ハンズフリー装置で電話しながら運転すると運転ミスが増える

(2013年5月) カナダのアルバータ大学の研究によると、クルマの運転中に、ハンズフリーの(携帯電話を手に持たずに会話できる)装置を使って会話していると、運転ミスが急激に増加します。 運転ミスとは例えば、センターラインを超えるとか、ウインカーを出さずに車線変更するなどです。

研究グループは、アルバータ州で運転中の携帯電話の使用が禁止された際にハンズフリー装置を使用して行う携帯電話の会話が禁止されなかったことに疑問を持ち、今回の研究を行いました。

研究の方法

近赤外分光光度計を用いてドライバー26人の運転中の脳の活動を調べました。 ただし、運転したのは本物の車ではなく運転シミュレーターです。 近赤外分光光度計では、前頭前野の左半分を調べました。

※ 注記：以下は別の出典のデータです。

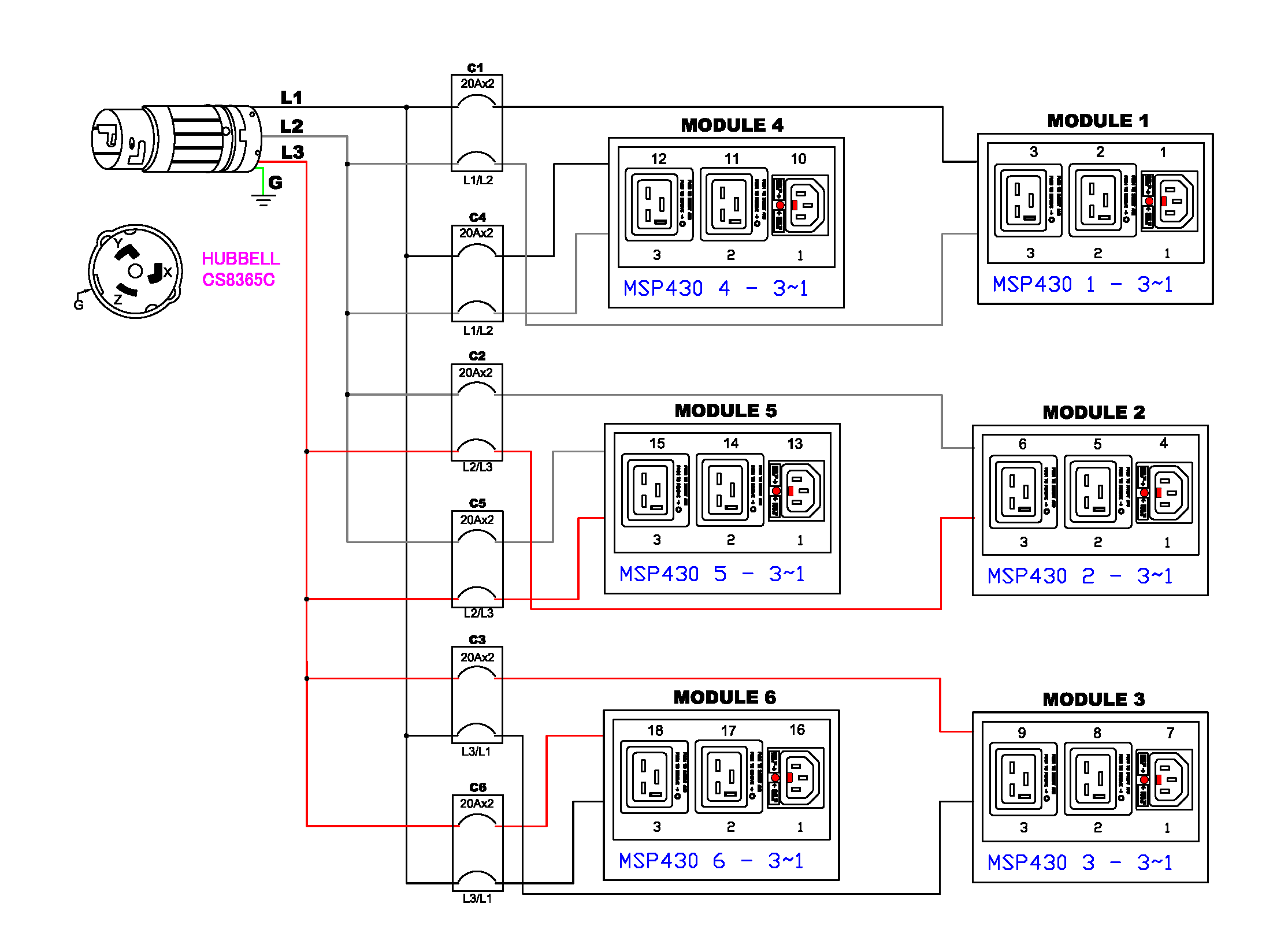 3PH, 208V AC, 50A (40A/PH rated); 18 outlets: 6x C13 Locking, 12x C19 Locking; plug: Hubbell CS8365C (Delta Bottom-front feed), 14.4kVA; Outlet Metered, Zero U vertical PDU

ドライバーたちにはまず、比較対照用としてハンズフリー装置による会話を行わずにシミュレーターの運転に集中してもらいました。 その次に、ハンズフリー装置による2分間の会話をしながら運転をしてもらい脳の活動を比較しました。 会話の話題は感情的にならないものを選んでもらいました。

結果

ハンズフリー装置を用いて携帯電話で会話しているときには、運転に集中しているときよりも脳の活動が有意に増加していました。 26人のドライバーたちの過半数において、ハンズフリー装置による会話によって酸化ヘモグロビンが脳内で増加し、同時に脱酸素ヘモグロビンが減少していた(ニューロンの活性増加が示された)のです。 さらに、このニューロンの活性増加による酸素要求に応えるために、脳への血流も増加していました。

加えて、ハンズフリーで会話をしながら運転した場合には、センターラインを超える・ウインカーを出さずに車線変更する・意図せず加速するなどの重大な運転ミスが有意に増加し、26人のドライバー全員が運転ミスを犯しました。